In the basin on the south-east side of Santorini the pyroclastic deposit includes a large number of blocks or hummocks that range from 10 to 200 m in diameter and protrude about 20 to 40 m above the general flow surface. The hummocky topography of the seafloor in this region is very well displayed in the slope map derived from the multibeam data (figure 6). This hummocky deposit extends more than 20 km from the volcano. We consider the possibility that the source of these blocks may be found in the Profitis Ilias – Mesa Vuono crystalline metamorphic massif in south-eastern Santorini, and that their distribution may be related to a debris avalanche, perhaps contemporaneous with the Minoan eruption. Some geologic features on Santorini are important in this regard. The rock of Monolithos is an isolated 50 m long outcrop of marble and limestone that sticks out ca. 20 m above the surrounding ignimbrite plain at the east coast of Santorini, close to the island’s airport runway. In the town of Kamari at the foot of the Profitis Ilias – Mesa Vuono massif in south-east Santorini there occur two other isolated crystalline limestone or marble outcrops in the ignimbrite plain, ca. 15 m high and 30 to 50 m long. These isolated outcrops may be debris avalanche blocks (figure 7).
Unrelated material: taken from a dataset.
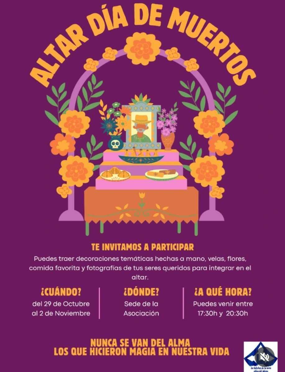 Se celebrará del 29 de Octubre al 2 de Noviembre, de 17:30h a 20:30h en la sede de la asociación. Si se quiere colaborar se puede traer la fotografía de un ser querido y su bebida o comida favorita.

Figure 6: Part of the hummocky deposit found on the seafloor east of Santorini. This deposit may be formed as a result of a debris avalanche, originating in the Profitis Ilias - Masa Vuono mountain complex on southeastern Santorini. Hummocks are indicated by green and brown color (steep slope); whereas the surrounding slat-lying pyroclastic deposit is indicated by purple and blue color. Click image for larger view and image credit.

Figure 7: The prominent horse-shoe shaped scar (dashed yellow line) in the Profitis Ilias - Mesa Vuono mountain complex in the south-eastern part of Santorini (Thera) may be the source of the debris avalanche deposit found on the sea floor to the east of the volcano. Click image for larger view and image credit.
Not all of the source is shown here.